The Best Chocolate Cake in My World.
Dear Reader,
This is my first attempt at a recipe blog. So please bear with me as I try to make it interesting, informative and worth the read. Having never attempted to put pen to paper, metaphorically speaking, before, this could be a complete disaster, but here goes…
As a cook the one thing I am asked for over and over again is chocolate cake. For birthdays, family get-togethers, a local knees-up, any special occasion really, the one request I get often is ‘will you make that gorgeous chocolate cake?’ So in the hope that someone else will be asked to make it next time, let us begin.
A quick note here :READ THE RECIPE THROUGH FROM START TO FINISH FIRST, AND YES, I AM SHOUTING AT YOU…
What you need:
85g/3oz of good unsweetened dark chocolate (50% cocoa content minimum).
230g/8oz butter at room temperature.
500g/18oz brown/Demerera sugar.
3 eggs.
310g/12oz of white spelt flour (you can use regular white flour)
2 teaspoons of baking soda/bread soda.
half a teaspoon of salt.
120ml/4fl oz buttermilk (if you haven’t got any add 2 tspns of vinegar or lemon juice to regular milk and leave for 5 minutes)
240ml/8 fl oz boiling water.
2 teaspoons of vanilla extract (please do not use the fake one, it will make the cake taste shop-bought)
For the icing:
300g/11oz good dark chocolate.
110g/4oz butter.
170g/6oz icing sugar.
100ml/3.5 fl oz milk.
What you do:
Preheat your oven to 180 degrees. Grease and line one 12 inch or two 9 inch tins with parchment or greaseproof paper or a dusting of flour. Set them aside. DO ALL THIS NOW (yes that’s me shouting again or, being more polite so as not to discourage you…raising my voice)
Place the chocolate in a heavy saucepan over a very low heat or in a double boiler (i.e. glass/pyrex bowl of chocolate pieces or drops sitting atop a saucepan of simmering water, bowl not touching the water) and melt gently, stirring all the time. Remove from the heat and set aside.
Cream the butter and sugar in the bowl of an electric mixer (however if you have been very diligent, and not like me who has not listened to myself and isnow pulling the butter out of the fridge, and your butter is at warm-room temperature, you can do this by hand) With the mixer on a slow speed add the eggs one at a time, beating well after each addition. If at this point the whole thing looks like curdled mush, fear not. This just means your finished productwon’t be as light and fluffy as Grannie’s. In this instance that’s a bonus. Stir in the melted chocolate.
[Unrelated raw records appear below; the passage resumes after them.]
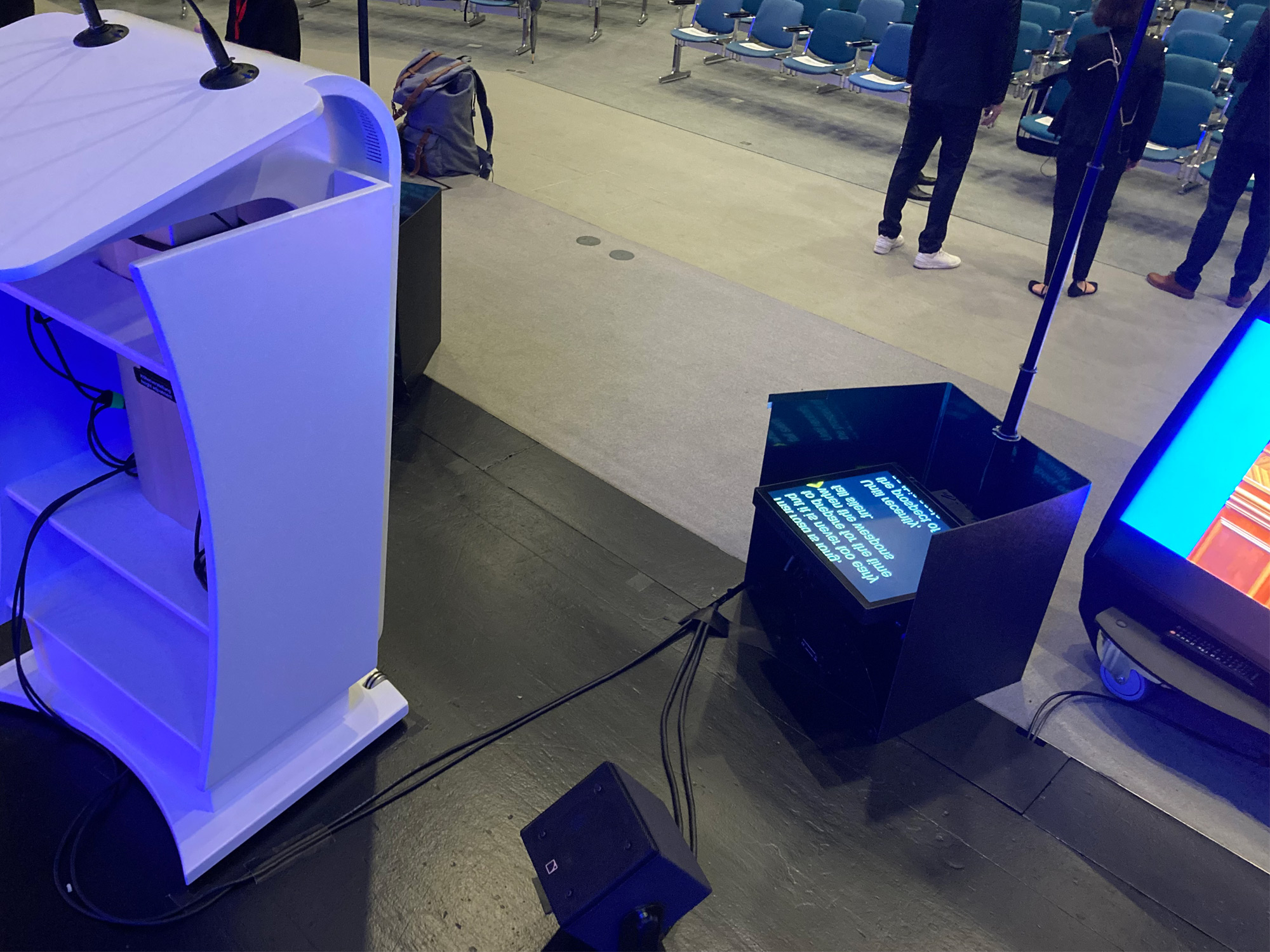 Conference teleprompter systems or presidential systems consist of one or two special high-contrast and very bright flat screens, which are placed flat on the floor in front of the lectern or embedded in the stage. Above these screens, on a mobile or fixed, thin tripod, are semi-transparent mirrors that are almost "invisible" to the auditorium.
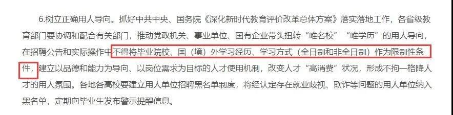 招聘公告中不得以學習方式(全日制、非全日制)作為限制性條件
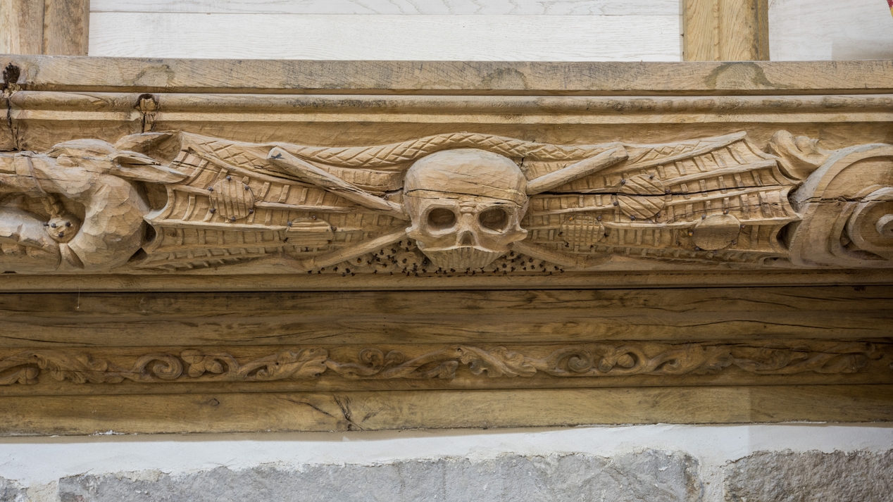 Détail d'une sablière recréée lors de la restauration de l'édifice (état en 2021)Immatriculation
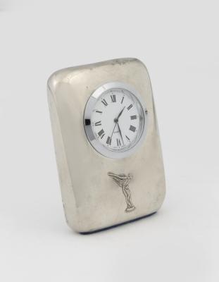 ROLLS-ROYCE: A Rolls-Royce small analogue desk clock with 'Spirit of Ecstasy' embossed to front, 8cm high, 5.5cm wide |
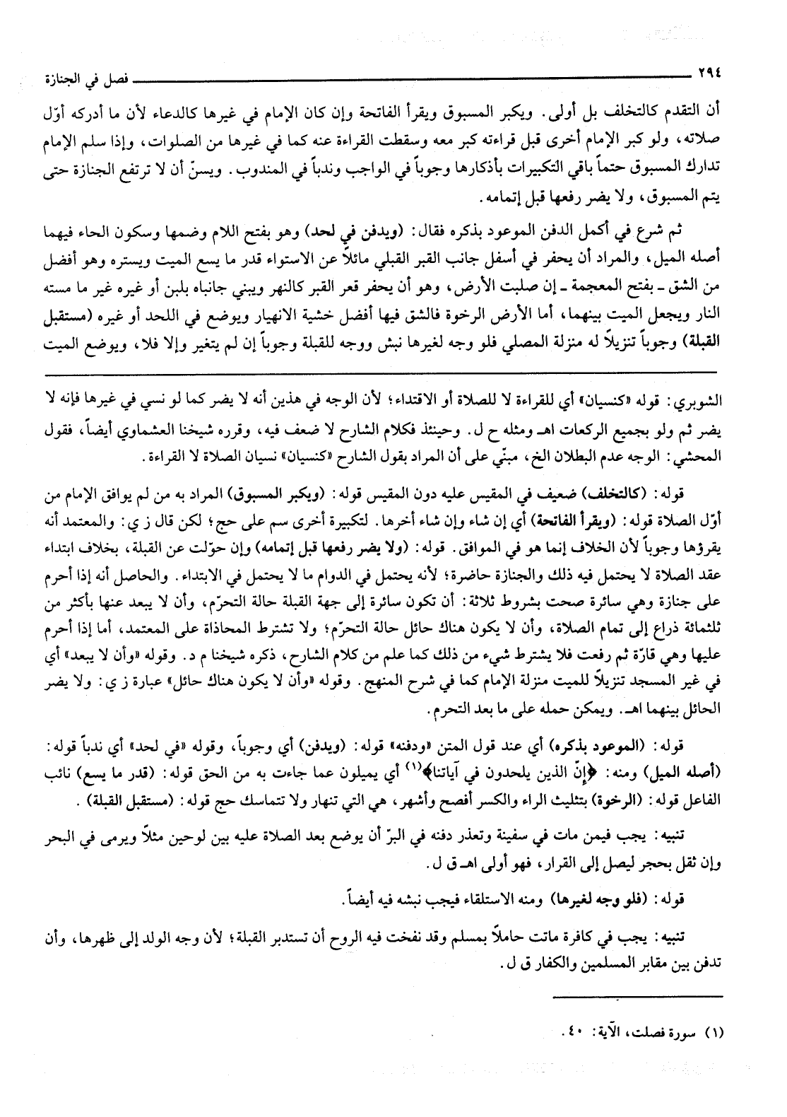 أَنَّ التَّقَدُّمَ كَالتَّخَلُّفِ بَلْ أَوْلَى. وَيُكَبِّرُ الْمَسْبُوقُ وَيَقْرَأُ الْفَاتِحَةَ وَإِنْ كَانَ الْإِمَامُ فِي غَيْرِهَا كَالدُّعَاءِ لِأَنَّ مَا أَدْرَكَهُ أَوَّلَ صَلَاتِهِ، وَلَوْ كَبَّرَ الْإِمَامُ أُخْرَى قَبْلَ قِرَاءَتِهِ كَبَّرَ مَعَهُ وَسَقَطَتْ الْقِرَاءَةُ عَنْهُ كَمَا فِي غَيْرِهَا مِنْ الصَّلَوَاتِ، وَإِذَا سَلَّمَ الْإِمَامُ تَدَارَكَ الْمَسْبُوقُ حَتْمًا بَاقِيَ التَّكْبِيرَاتِ بِأَذْكَارِهَا وُجُوبًا فِي الْوَاجِبِ وَنَدْبًا فِي الْمَنْدُوبِ. وَيُسَنُّ أَنْ لَا تَرْتَفِعَ الْجِنَازَةُ حَتَّى يُتِمَّ الْمَسْبُوقُ، وَلَا يَضُرُّ رَفْعُهَا قَبْلَ إتْمَامِهِ.
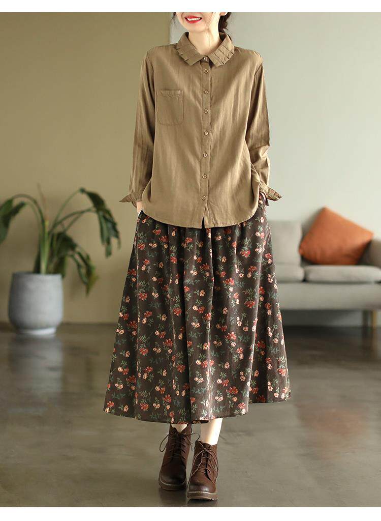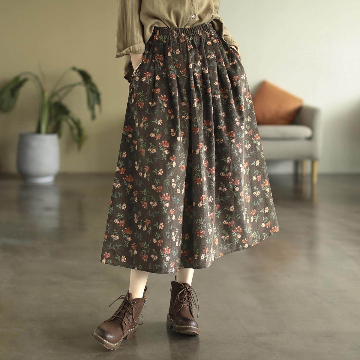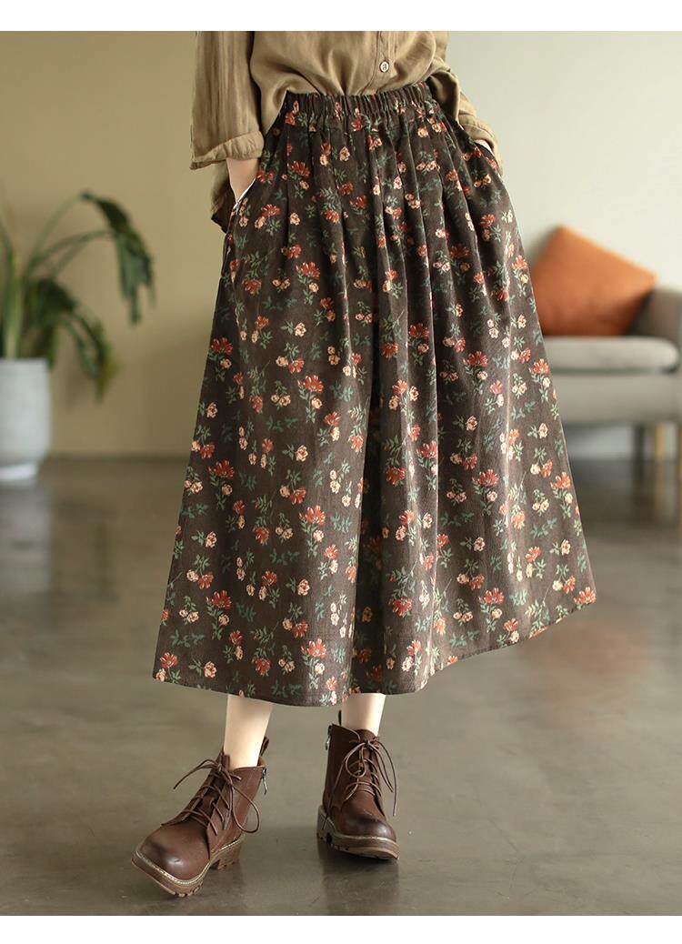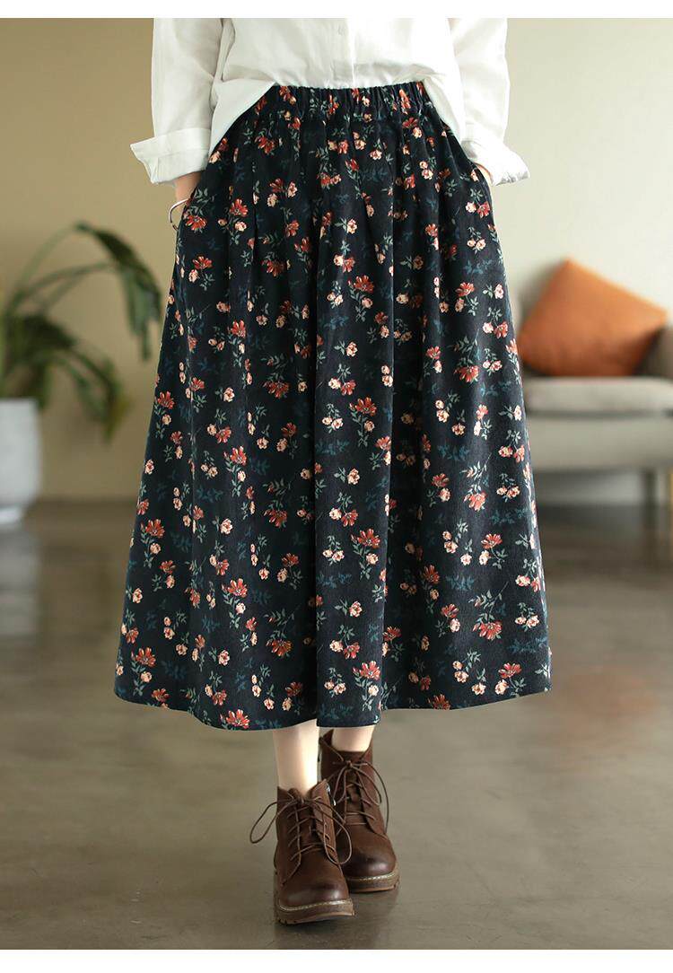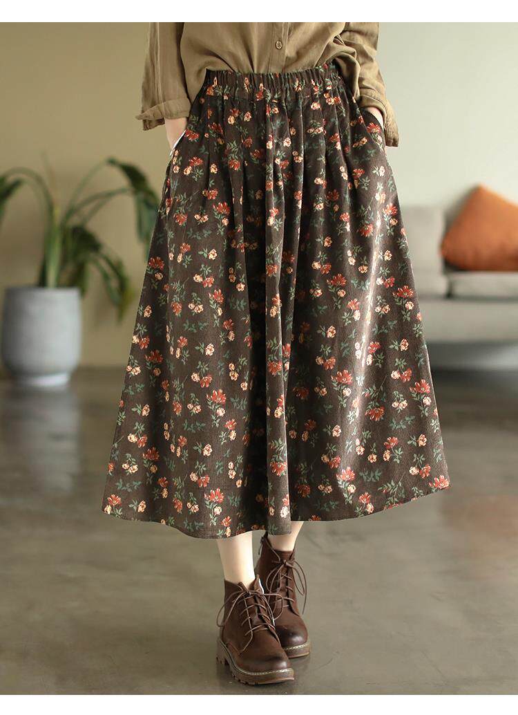 Pure cotton floral skirt spring and autumn new middle-aged mother's clothing retro age-reducing large size temperament high-waisted a-line skirt for women

Combine, using a sieve, the flour, bread soda and salt in a medium bowl (That’s a bowl that will actually hold the volume, nothing fancier) Now add the flour mixture and the buttermilk to the chocolatey mixture alternating both. Blend gently and then add in the boiling water slowly and the vanilla. This will be a very wet mixture. Don’t over-mix, but do scrape the bottom of the bowl with a spatula before the next step or you will have a big gloopy bit that drops into the tin and splatters you and everything within range including your iphone.
Pour the batter into your prepared tin/s and bake in your pre-heated oven until a toothpick comes out clean. In the absence of a toothpick, use a knife or skewer or your bloomin’ imagination! This can be anywhere from 30-55 minutes depending on your tin size and oven. Open the oven at thirty minutes and gently turn the cake 180 degrees (that’s half way round to you non-math’sey people) check for done-ness. If still gooey close the door gently and check again every ten minutes or so. The beauty of this cake is, that it is better if it sinks. Dense, moist and devilishly delicious.
Cool in the tin. When cool, turn out onto your favourite big plate. Best if it’s a completely flat cake plate as whatever about sunken, you don’t need the plate to make it look like the crater in Mount Vesuvius.
For the icing, gently melt the chocolate with the butter. Add the milk slowly, mixing all the time. Sieve in the icing sugar, again stirring at intervals. Whisk gently to smooth. Now pour it on top of the cake from the middle outwards. As you get towards the edge let it run down the sides. You can then re-direct the flow by using a flat knife to spread it out if nesessary. Decorate with anything from a mound of berries and a sprig of mint in the centre, to lavish chocolate swirls or just plain old milk and white chocolate buttons.
Whatever else you do, make sure you enjoy eating it. With Love, Margie.